In 1903, the social psychologist Georg Simmel described the metropolis as a money-making machine that traps the individual in another metric: time. “Punctuality, calculability and exactness” ensure that every move is a productive one, and every bit of energy spent leads to a quantifiable output. Urban order becomes a means to achieve economic productivity, but comes at the expense of “those irrational, instinctive, sovereign human impulses which originally seek to determine the form of life from within, instead of receiving it from the outside in a general, schematically precise form.”
What the “Mess is More” phrase is trying to reclaim is the city in natura or as we like to call it, the “natural city”. This city is not designed on the drafting board, planned by bureaucrats or administered by some board of directors, but conceived in situ, in response to local needs and wants. It is a city freed from the need to be perfect since it is evolutionary by nature. However, it is also infinitely perfectible. Its only dogma is that of continuous improvement, and it doesn’t need to define what is a good form at one go. The improved form is that which responds to needs as they emerge.

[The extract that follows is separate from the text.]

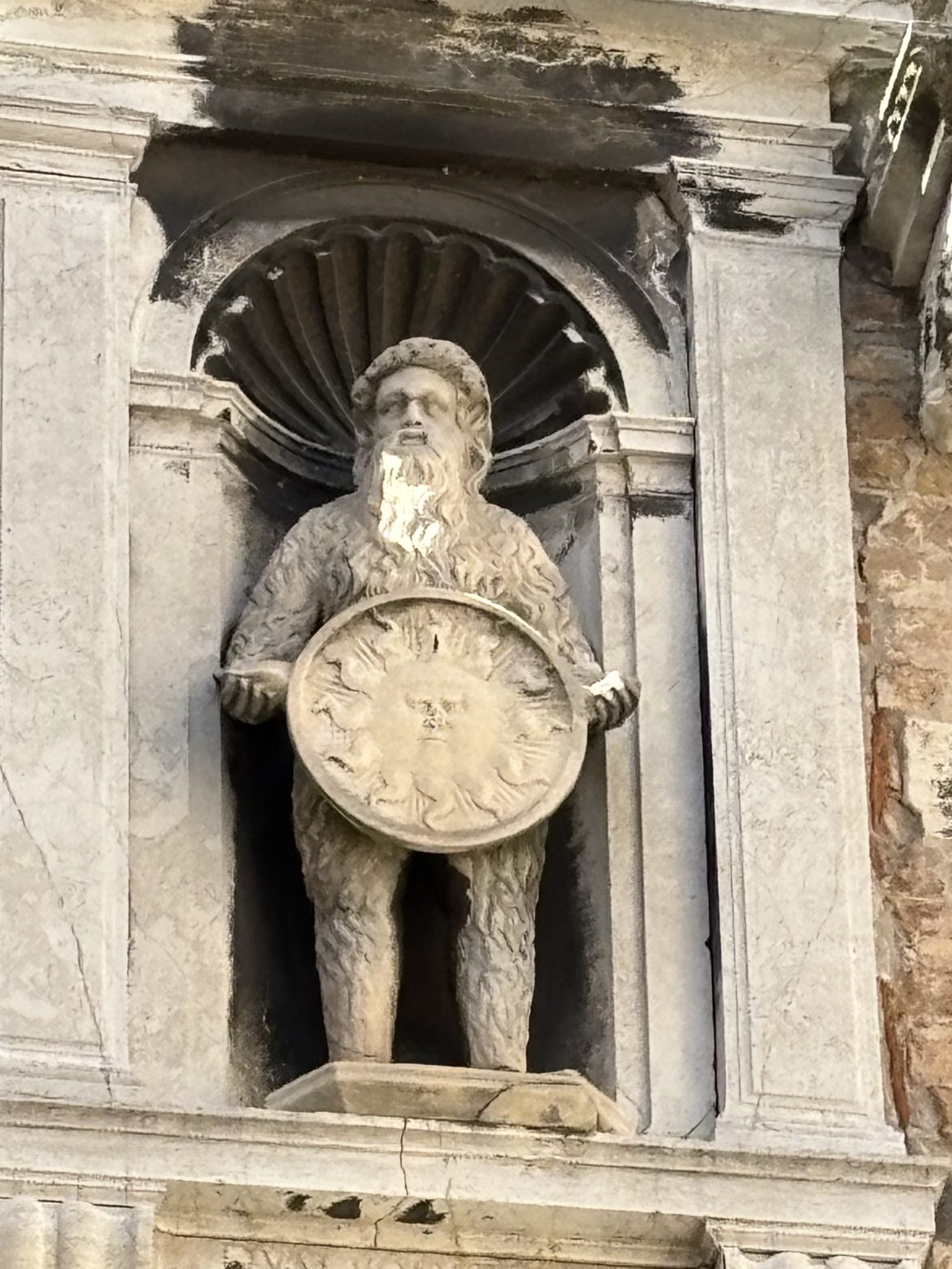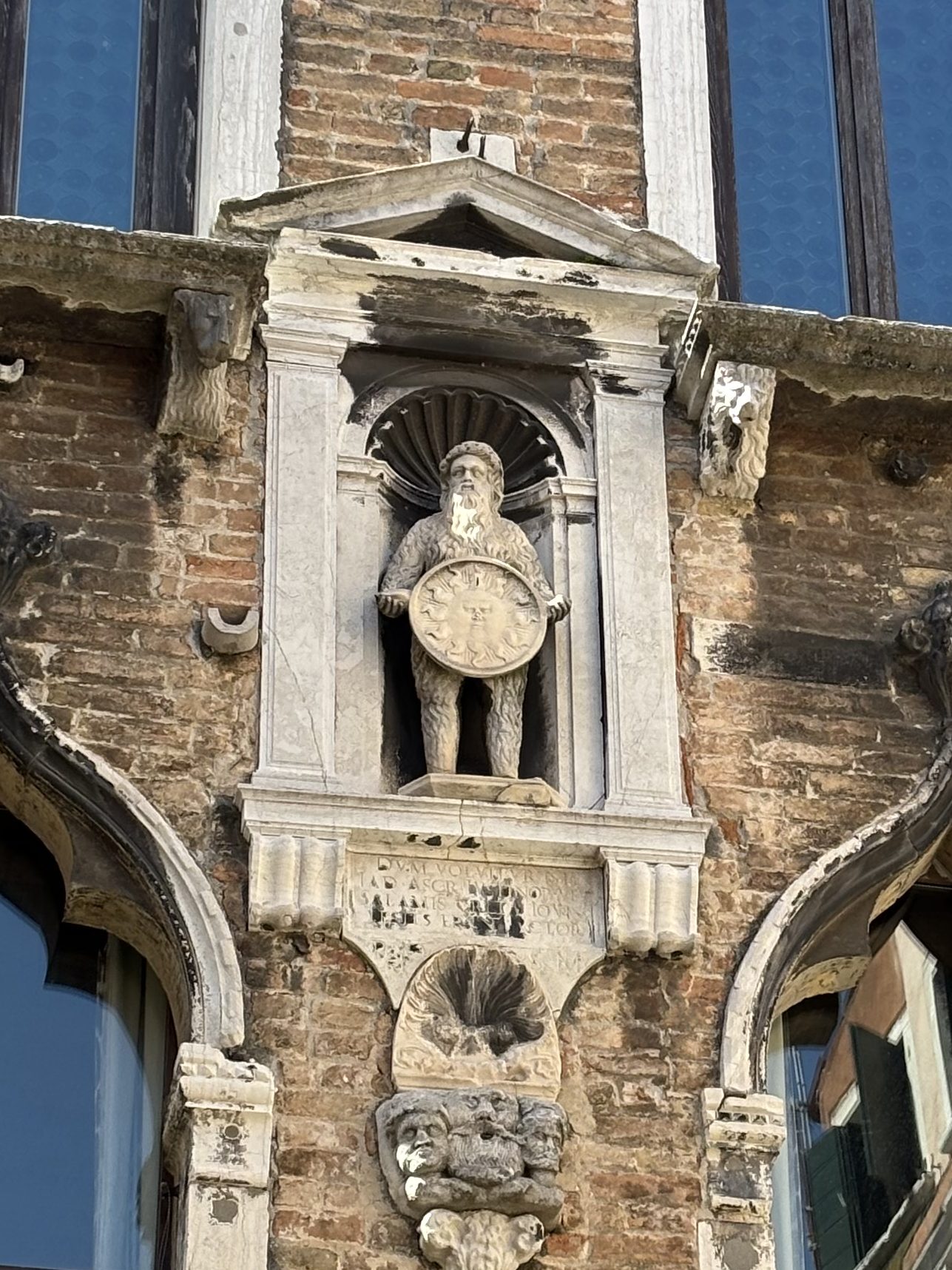 Secondo la tradizione, fu il patrizio Gianmatteo Bembo – figura colta e appassionata di alchimia e conoscenze esoteriche – a volere questa singolare rappresentazione. Non è un caso se il “vecchio” stringe tra le mani un disco solare, simbolo del tempo che scorre e dell’ordine cosmico. Al di sotto della nicchia, trova posto anche una conchiglia di San Giacomo, altro potente emblema caro agli alchimisti, legato alla ricerca della conoscenza universale.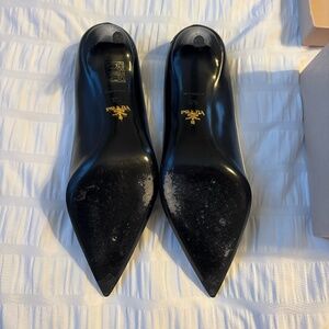 Elegant Prada pumps in smooth black leather with crisp white trim and a bow detail at the toe. Classic pointed silhouette set on a sleek stiletto heel. Lightly worn, with minor wear on soles; overall excellent condition

“Mess is More” acknowledges the fact that a neighbourhood planned from within, through an inclusive participatory process, may not always look as neat and tidy as one designed from the controlled environment of the architect’s studio. Its form may reflect programmatic complexities, for example, an emotive attachment to trees, or may not have remarkable structures at all. It may embody the biographies of its residents and the contradictory interests of a diverse community of inhabitants. However complicated and messy, such a process leads to a higher degree of local appropriation and identification for the neighbourhood.
It may well even improve the aesthetic of cities that have for long been dehumanised in the name of a modernist aesthetic. Modernism has been abused and instrumentalized for too long, it is time now to experiment with approaches to urban development that are both ancient and new, and which are well suited to respond to the social, economic, ecological, and aesthetic aspirations of the day.